▶ DATASET CONTENT:
★ ★ ★ ★ ★

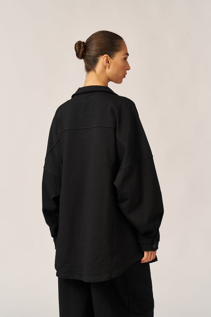 BLACK FRENCH TERRY OVERSIZED BUTTON-UP JACKET
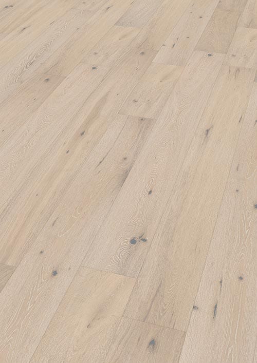 - أرضيات كلاسيكية من لوح واحد بسماكة 14 مم، مع طبقة علوية من خشب البلوط بسماكة تقريبية 3 مم.
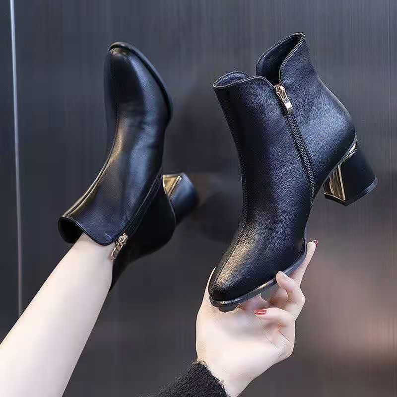 Модные однотонные кожаные осенне-зимние женские короткие туфли элегантные на среднем каблуке ботильоны Y2k удобные из ПУ 39 женские ботильоны
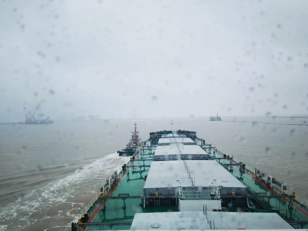 其中,濱海港區憑借挖入式港池的屏障作用,在抵御風雨中顯現優勢。值班引航員密切關注氣象預警,結合港區水文條件,科學嚴謹評估優化船舶進出港計劃。經反復研判,最終確定在高潮時段引領船舶進港。當日,盡管暴雨如注、能見度極低,引航員們無畏風雨、迎難而上。他們穿戴專業防護裝備,身著防雨斗篷與防滑雨靴,準時登輪作業。在一個半小時的緊張操作中,憑借精湛技藝和豐富經驗,引航員精準操控,成功將“華元503”輪安全平穩靠泊碼頭。
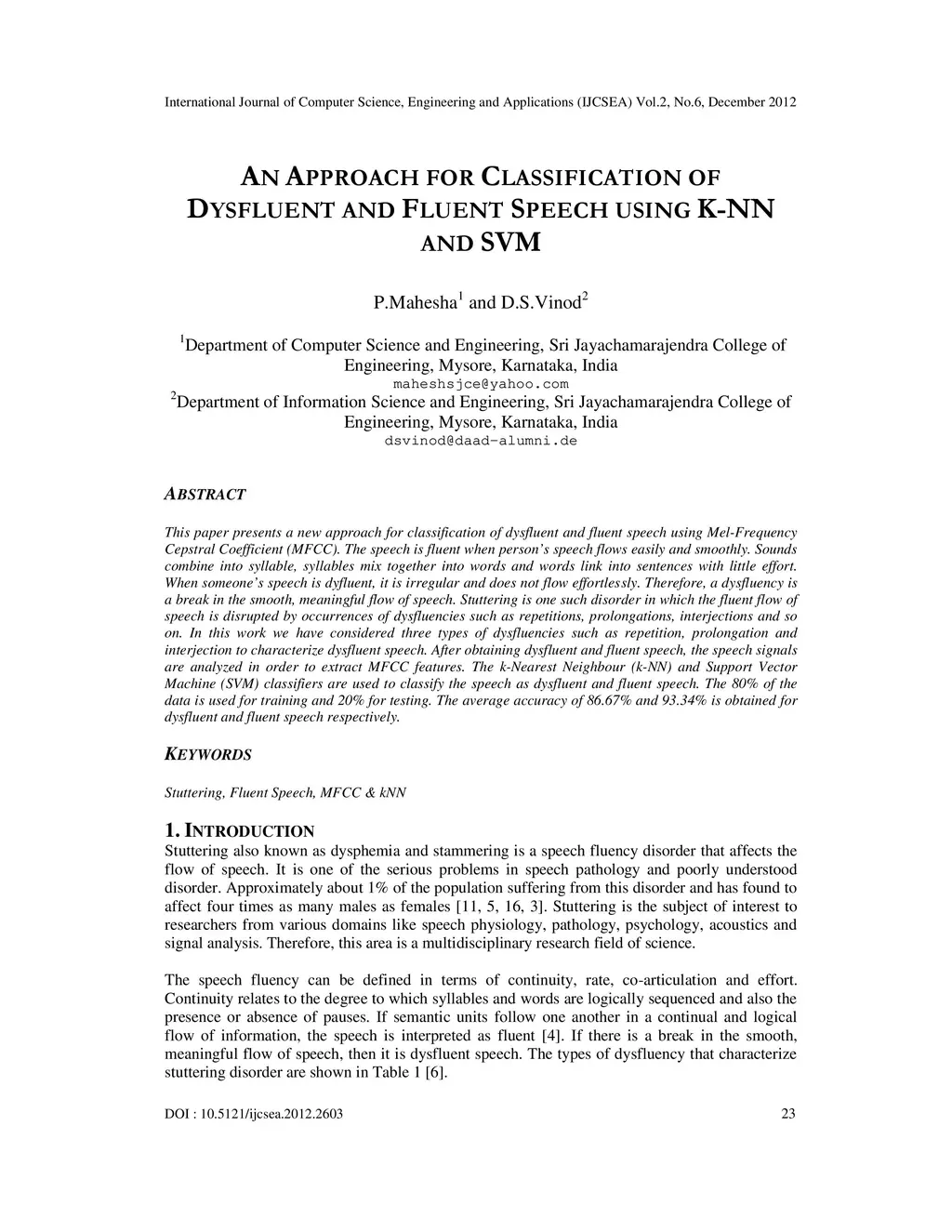 An Approach for Classification of Dysfluent and Fluent Speech Using K-NN

★ ★ ★ ★ ★

▶ WORK ORDER: Using the records above, reproduce exactly the lines from the line containing "其中,濱海港區憑借挖入式港池" through the last line, with both ends kept and no pictures.

▶ WRITTEN SOLUTION:
 其中,濱海港區憑借挖入式港池的屏障作用,在抵御風雨中顯現優勢。值班引航員密切關注氣象預警,結合港區水文條件,科學嚴謹評估優化船舶進出港計劃。經反復研判,最終確定在高潮時段引領船舶進港。當日,盡管暴雨如注、能見度極低,引航員們無畏風雨、迎難而上。他們穿戴專業防護裝備,身著防雨斗篷與防滑雨靴,準時登輪作業。在一個半小時的緊張操作中,憑借精湛技藝和豐富經驗,引航員精準操控,成功將“華元503”輪安全平穩靠泊碼頭。
 An Approach for Classification of Dysfluent and Fluent Speech Using K-NN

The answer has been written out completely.